Announcement

Collapse
No announcement yet.

AMD Introducing FRU Memory Poison Manager In Linux 6.9

Collapse
X
 
  • Filter
  • Time
  • Show
Clear All
new posts

  • AMD Introducing FRU Memory Poison Manager In Linux 6.9

    Phoronix: AMD Introducing FRU Memory Poison Manager In Linux 6.9

    Queued for introduction in the upcoming Linux 6.9 kernel cycle is an FRU Memory Poison Manager "FMPM" developed by AMD that may later be adapted for other non-AMD platforms. The FRU Memory Poison Manager is working to persist information around known bad/faulty memory across reboots...

    Phoronix, Linux Hardware Reviews, Linux hardware benchmarks, Linux server benchmarks, Linux benchmarking, Desktop Linux, Linux performance, Open Source graphics, Linux How To, Ubuntu benchmarks, Ubuntu hardware, Phoronix Test Suite

  • #2
    It seems a good idea to not have to throw out a product just because a "minor" problem.

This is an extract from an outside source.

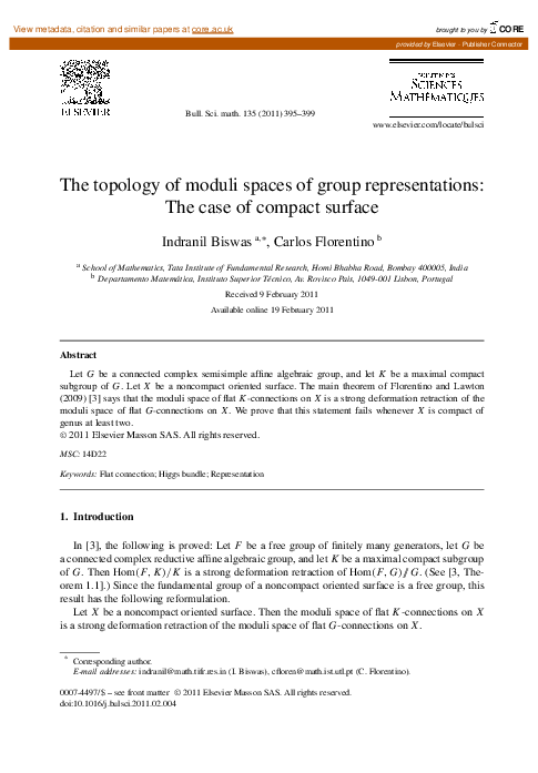(PDF) The topology of moduli spaces of group representations: The case ...

    I think persisting on disk this information would be good for diagnosis too...
    You know, why server restarted and is it bad?!
    Ok, logs, but if 0,01% of your memory is bad or 10% are different problems.

    Nice!

    Comment


    • #3
      If only they had cared enough about the impacts of memory errors to have made ECC RAM standard in their chipsets / CPUs / BIOSes (including consumer / SMB) since, well, decades ago.

      Comment


      • #4
        Originally posted by pong View Post
        If only they had cared enough about the impacts of memory errors to have made ECC RAM standard in their chipsets / CPUs / BIOSes (including consumer / SMB) since, well, decades ago.
        IIRC, DDR5 RAM includes a base level of "not exposed to the rest of the system"/internal-to-the-DIMM ECC as a required part of the spec because data density has crossed the same "ECC is required for reliable normal operation... not just for exceptional circumstances" threshold that rotating platter hard drives crossed decades ago.

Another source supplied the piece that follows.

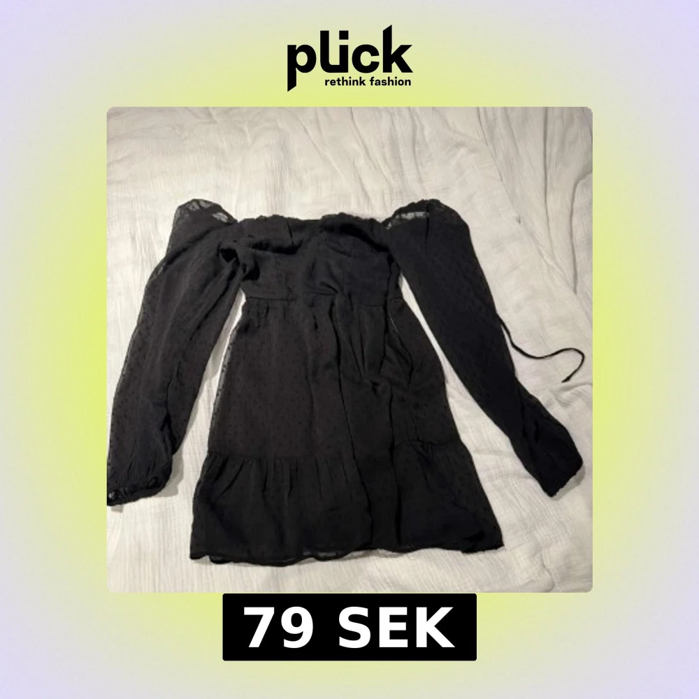 Supersöt svart kortklänning från H&M Divided med långa genomskinliga puffärmar och diskret prickigt mönster i tyget. Klänningen volang nertill och är tillverkad i ett lätt, flowy material som ger en luftig känsla samt knyte i ryggen 😍

        What it doesn't have as mandatory is the full-stack ECC that's normally meant by ECC RAM, which requires motherboard support because it's designed to also catch corruption introduced at other points between the CPU and the DIMM. (i.e. the RAM equivalent to how ZFS's full data checksumming can also catch corruption which occurs after the data leaves the hard drive, such as from a flaky SATA cable or dying controller chip.)

        Comment


        • #5
          Originally posted by pong View Post
          If only they had cared enough about the impacts of memory errors to have made ECC RAM standard in their chipsets / CPUs / BIOSes (including consumer / SMB) since, well, decades ago.
          Many AMD Platforms have ECC support. They just dont certify it because of cost (which is a major point for consumer hardware).
          My AMD NAS runs consumer hardware and uses ECC memory just fine

          Comment


          • #6
            Originally posted by euduvda View Post
            It seems a good idea to not have to throw out a product just because a "minor" problem.

            I think persisting on disk this information would be good for diagnosis too...
            You know, why server restarted and is it bad?!
            Ok, logs, but if 0,01% of your memory is bad or 10% are different problems.

            Nice!
            Linux has mechanism that protects you against this kind of problems already.
            I had 64gigs for a few years.
            Did not realize for a few years that i had section of ram corrupt, purely because region of ram was rarely hit and i had problem running ram checker from grub. Was thinking it was CPU.

            Year ago or so I got ram checker to work and after couple of checks realized one localized area on ram stick is bad.

            Started to dig and found there is option in kernel that makes my booting about 30-40 seconds longer, but it does run a test and blocks damaged ram area from being used.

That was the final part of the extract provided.